PROBLEM TO SOLVE.
Omit every picture, then return each line of the data below exactly.

RECORDED INFORMATION.
================

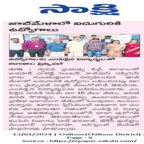
News coverage in Sakshi
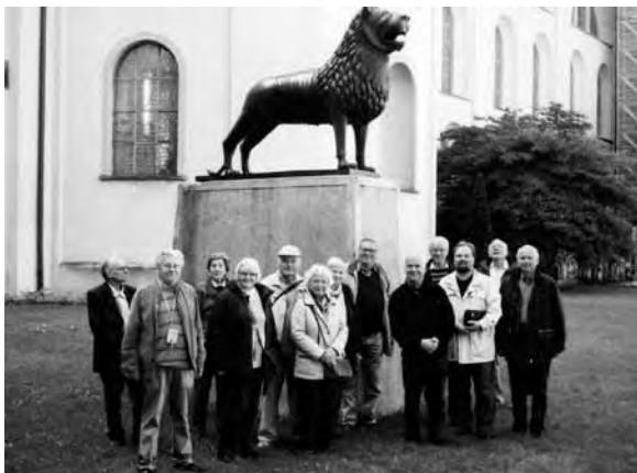
Ein Teil der niedersächsischen Gäste vor dem „Welfenlöwen“ im Stift Weingarten

„Auf den Spuren der Welfen“ war das Motto einer Mehrtagesfahrt des HBN, die vom 20. bis 23. August nach Württemberg und Bayern führte. Besichtigt wurde das Kloster Weingarten als einstiger Stammsitz des Welfengeschlechtes (vgl. Aufsatz in diesem HL auf S. 128) ebenso wie das „Welfenmünster“ in Steingaden. Zudem erfreuten sich alle Fahrtteilnehmer an dem überwältigenden Blick auf die Alpen, der sich auf der

================

OUTPUT FOR THIS TASK.
News coverage in Sakshi
Ein Teil der niedersächsischen Gäste vor dem „Welfenlöwen“ im Stift Weingarten

„Auf den Spuren der Welfen“ war das Motto einer Mehrtagesfahrt des HBN, die vom 20. bis 23. August nach Württemberg und Bayern führte. Besichtigt wurde das Kloster Weingarten als einstiger Stammsitz des Welfengeschlechtes (vgl. Aufsatz in diesem HL auf S. 128) ebenso wie das „Welfenmünster“ in Steingaden. Zudem erfreuten sich alle Fahrtteilnehmer an dem überwältigenden Blick auf die Alpen, der sich auf der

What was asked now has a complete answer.